Clausius, the acknowledged originator of modern kinetic theory, lacked the mathematical acumen to follow his younger colleague. Even after Maxwell had introduced the idea of a distribution of atomic velocities, Clausius never abandoned his earlier practice of treating all the molecules in a gas as if they had the same average speed. If that step was beyond him, surely Clausius could not follow Boltzmann’s further elaboration of analyzing how the distribution itself changed with time. And no one else in the German physics world had anything close to Boltzmann’s intensity of interest in kinetic theory.
Across the English channel, Boltzmann’s work found a more alert audience. Sir William Thomson, late in 1875, found himself musing on the Austrian’s arguments during a train journey, and afterward jotted a note to a colleague: “it is very important . . . the more I thought of it yesterday in the train, the surer I felt of its truth.” Maxwell, too, was following Boltzmann’s achievements, but his thoughts on kinetic theory had begun to take a slightly different tack, and he found himself unable to fully accept all of Boltzmann’s conclusions. It appears that even he, who among all physicists was capable of understanding the argument leading up to the new theorem, never pushed himself to make the effort. Word began to get around that Boltzmann had done something remarkable, but hardly anyone seemed to understand quite what it was, and it was only a few years later, when objections and counterarguments surfaced, that even a moderate number of physicists set themselves the task of trying to follow Boltzmann’s derivations.
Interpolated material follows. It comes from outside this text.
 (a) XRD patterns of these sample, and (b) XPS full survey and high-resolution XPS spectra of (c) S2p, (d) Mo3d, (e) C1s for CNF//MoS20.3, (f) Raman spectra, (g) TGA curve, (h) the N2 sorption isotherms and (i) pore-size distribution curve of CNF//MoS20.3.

Boltzmann had in fact achieved not only a profound result in physics, but one that brought into the world a new style of reasoning. He had used an essentially statistical analysis to establish an absolute truth, the correctness of the Maxwell-Boltzmann formula. But the revolutionary nature of this argument was not fully apparent at the time, even to its author. Boltzmann believed he had solved the essential problem of kinetic theory, and, finding little reaction from his peers, wrote nothing more on the subject for a number of years.
Boltzmann’s life at this time was simple and comfortable. He worked at his physics, and he lived in modest accommodations with his mother and his sister Hedwig, four years his junior. He gave lectures, favoring applied mathematics and the more mathematical areas of physics, especially, of course, the mechanical theory of heat to which he had already contributed so much. August Toepler provided money for some experiments, improved the state of the physics facility in Graz, and generally took care of any administrative matters. Although he was fond of weekend rambles in the countryside with his mother and sister and with some of his university colleagues, Boltzmann was a young man whose energies and thoughts were rarely distracted from physics.
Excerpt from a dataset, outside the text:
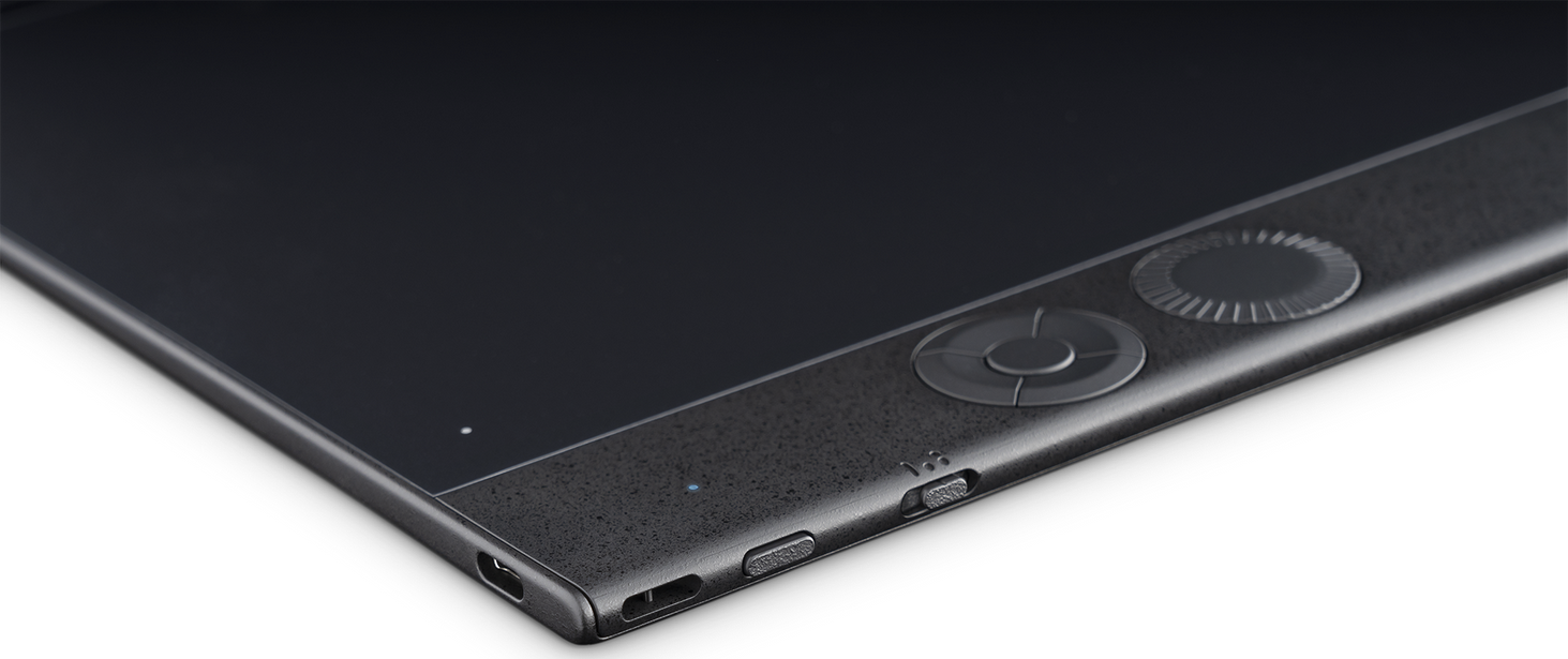 Wacom Intuos Pro introduces a precision-engineered dial, enhancing control over creative tools like timelines, zoom, and color levels. Designed for single-finger operation while holding a pen, it provides precise, click-calibrated adjustments for smooth workflow integration. This intuitive addition ensures effortless navigation and fine-tuned modifications, making complex adjustments more efficient and precise.

One distraction had shown up, however, in the person of Henriette von Aigentler, a young student at the teacher training college in Graz. Henriette knew Boltzmann’s sister through the local teacher training institute, and in May 1873 she met Boltzmann on a school outing. Fräulein von Aigentler, then 19 years old, was an intelligent and determined woman. The year before she met Boltzmann, she had decided she wanted to sit in on science courses at the university, even though women at that time were unable to take degrees. It was generally the opinion that the presence of women in class would distract the male students, and that in any case the female intellect was insufficiently rational for the appreciation of chemistry, mathematics, and physics. This was the attitude of Boltzmann’s boss, August Toepler, who refused to let Henriette into the classroom. But she did not give in. She obtained references from lecturers whose classes she had visited testifying to her quiet and respectful demeanor, thus managing to win the approval of the university’s officials. In the winter semester of 1872 she started attending science classes, although she had to fight constantly to obtain renewed permission to sit in on lectures.
What contact there may have been between Henriette and Boltzmann during the summer of 1873 is unclear. In August of that year, however, Boltzmann left Graz to return to Vienna, where he had been appointed a junior professor of mathematics. Teaching mathematics was not his ideal choice, but the attractions of Vienna overcame any doubts on his part. Nor, evidently, had the attentions of Henriette von Aigentler impinged on him enough to cause him any hesitation in deciding to leave behind Graz and its middling university.
But Henriette did not abandon the connection she had made. In October she wrote her first letter to Boltzmann, asking for advice on her studies. She apologized for burdening him with her questions, but explained that since her father was no longer alive and her mother knew nothing of these matters, she had no one else to turn to; in any case, she added, Boltzmann’s sister had assured her that he would treat her requests sympathetically. Boltzmann’s replies to Henriette’s first letters do not survive, but she was evidently thankful and continued to write.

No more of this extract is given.